Prompt. Pictures stay out of the copy. Transcribe exactly, and only, the line with "脚背彩色猫头鹰玫瑰花文身作品" through the last line of the entries below.
━━━━━━━━━━━━━━━━━━━━
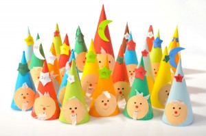 Vidám időtöltés a kalendárium készítés, ha a gyerekek is részt vesznek benne. Készítsetek együtt kúp alakú figurákat. Egy négyzet alakú lapból egyszerű tekeréssel elkészíthetitek a testet, majd ragasszátok össze. A gyerekek rajzolják meg az arcokat és készítsétek el a számokat is 1-24-ig.
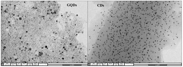 The morphological images of both CDs and GQDs were comparatively demonstrated by transmission electron microscopy (TEM) to confine their nanoparticle dispersion and particle size as well.
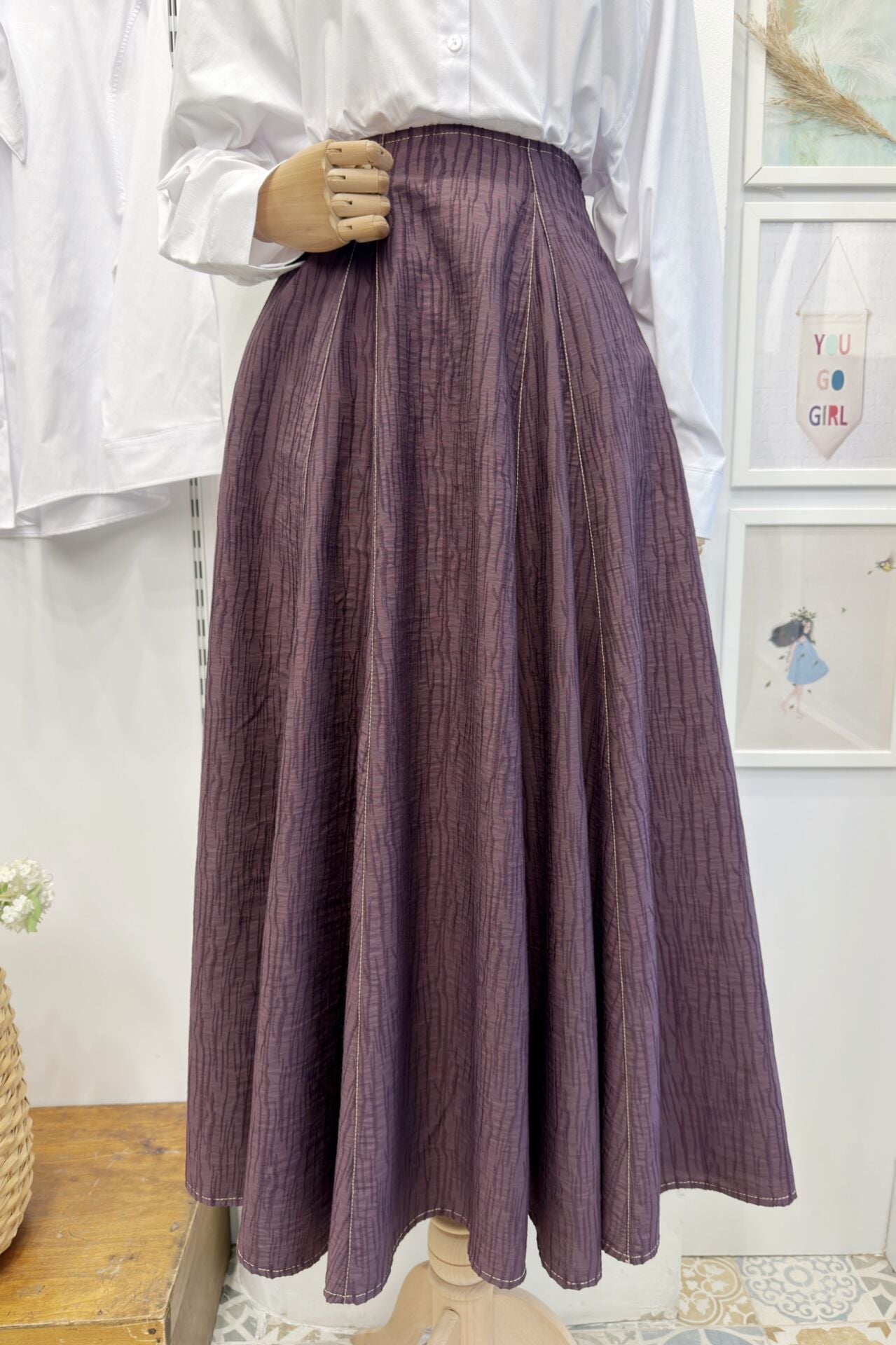 Mürdüm Yağmur Desenli Viskon Etek
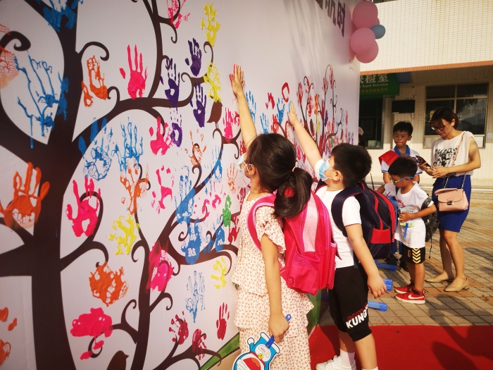 早上,滿懷興奮與期待的新生和家長(zhǎng)們用熱情喚醒了校園,五小的老師們也早早地站在校門(mén)口迎接小朋友們。孩子和家長(zhǎng)們走在紅地毯上穿過(guò)樂(lè)學(xué)門(mén),在“夢(mèng)想樹(shù)”的樹(shù)枝上留下了自己的小手掌印,一個(gè)個(gè)五彩斑斕的小手掌印仿佛滿樹(shù)碩果掛滿枝頭。
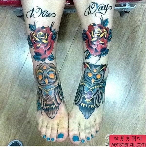 脚背彩色猫头鹰玫瑰花文身作品
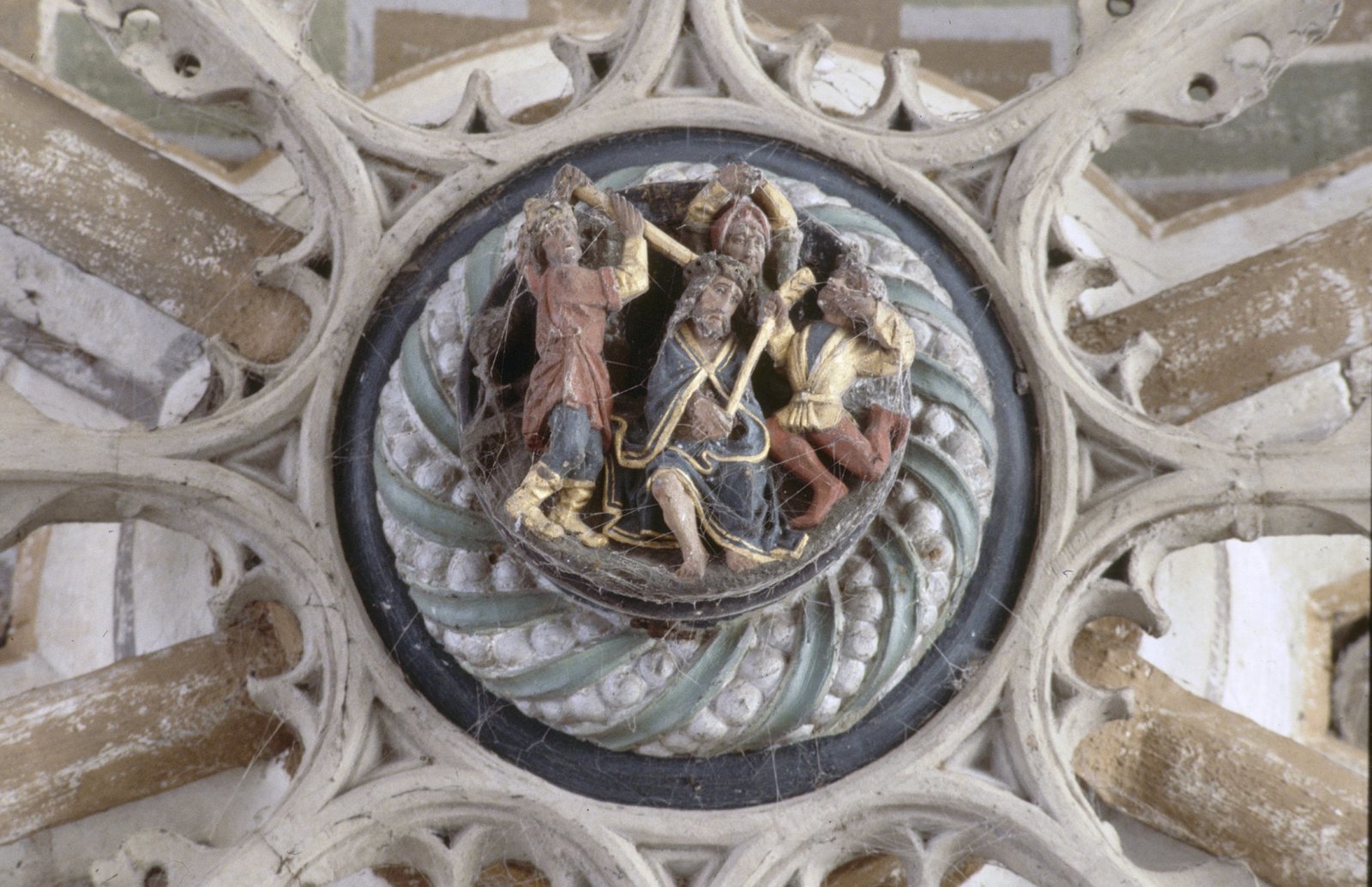 Interieur,middenschip, gewelf,sluitsteen: Christus w...
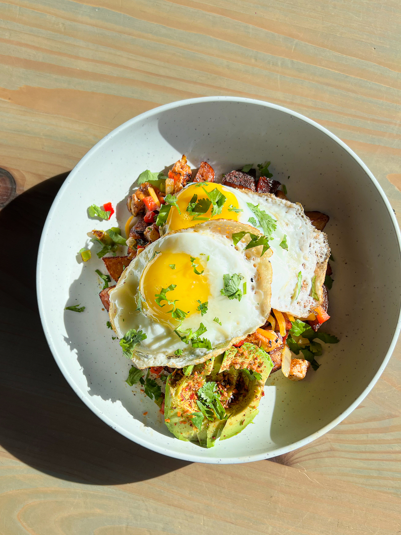 - Sausage & Salmon Hash $17 – andouille sausage, blackened salmon, red potatoes, peppers & onions, two sunny-side up eggs, cheddar cheese, cilantro, spiced avocado
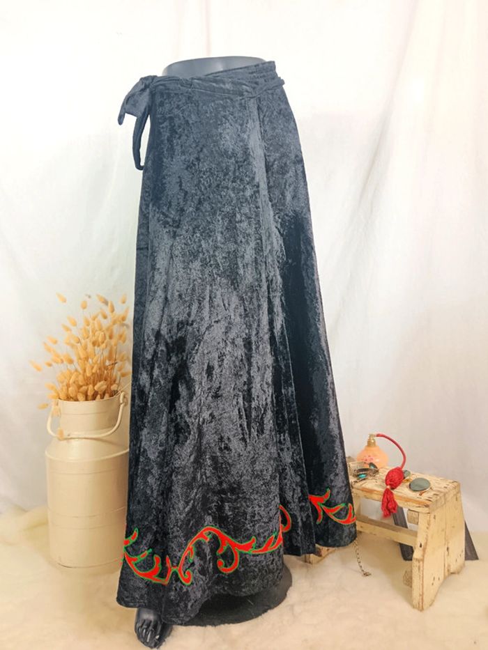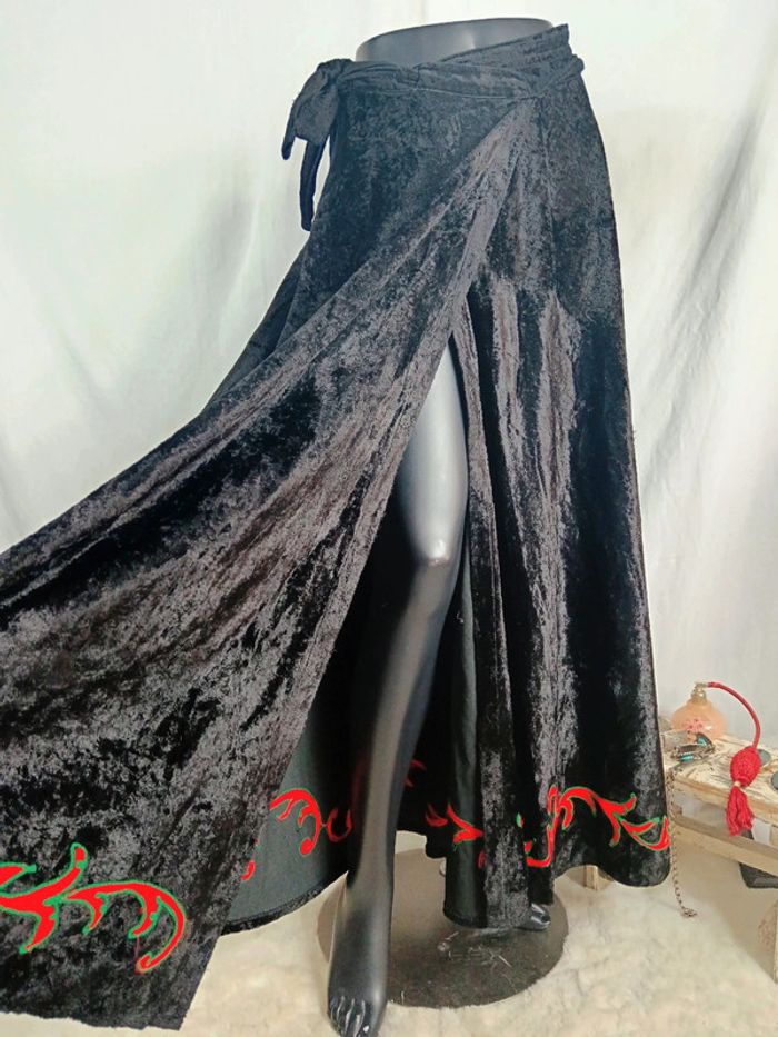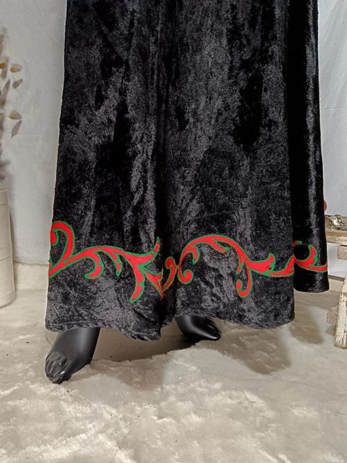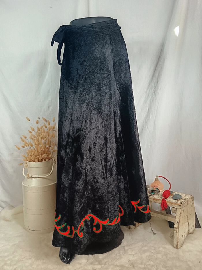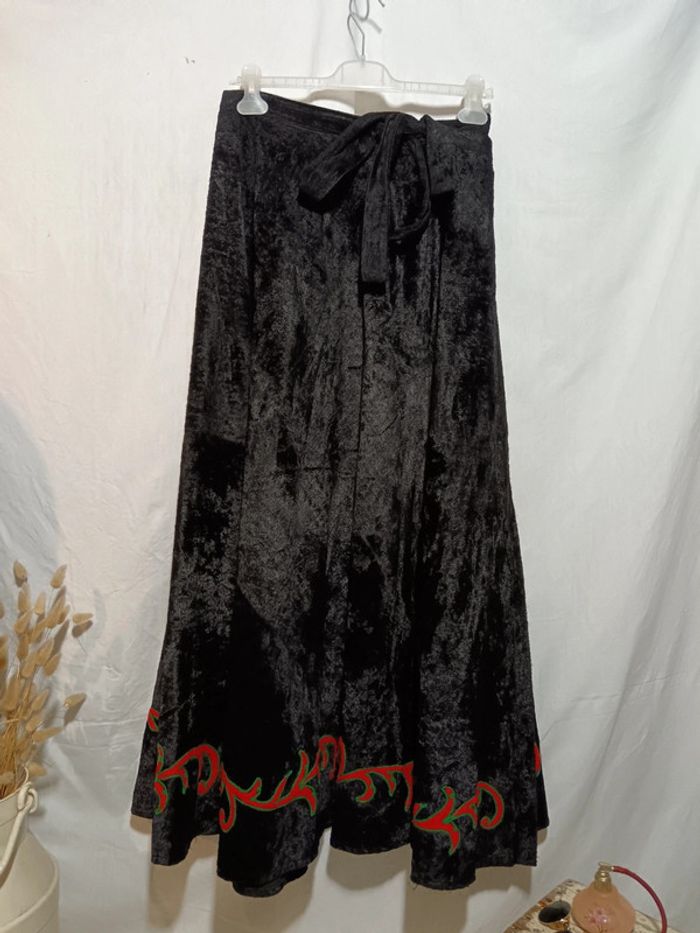 Maxi jupe portefeuille vintage en velour noir et décor brodé en bas rouge, contour vert. Taille unique elle s'adapte toutes les morphos. En taille basse, haute etc... #calm38 #calm36 #calm40 #jupeportefeuillemaxi
━━━━━━━━━━━━━━━━━━━━
Completed task.
 脚背彩色猫头鹰玫瑰花文身作品
 Interieur,middenschip, gewelf,sluitsteen: Christus w...
 - Sausage & Salmon Hash $17 – andouille sausage, blackened salmon, red potatoes, peppers & onions, two sunny-side up eggs, cheddar cheese, cilantro, spiced avocado
 Maxi jupe portefeuille vintage en velour noir et décor brodé en bas rouge, contour vert. Taille unique elle s'adapte toutes les morphos. En taille basse, haute etc... #calm38 #calm36 #calm40 #jupeportefeuillemaxi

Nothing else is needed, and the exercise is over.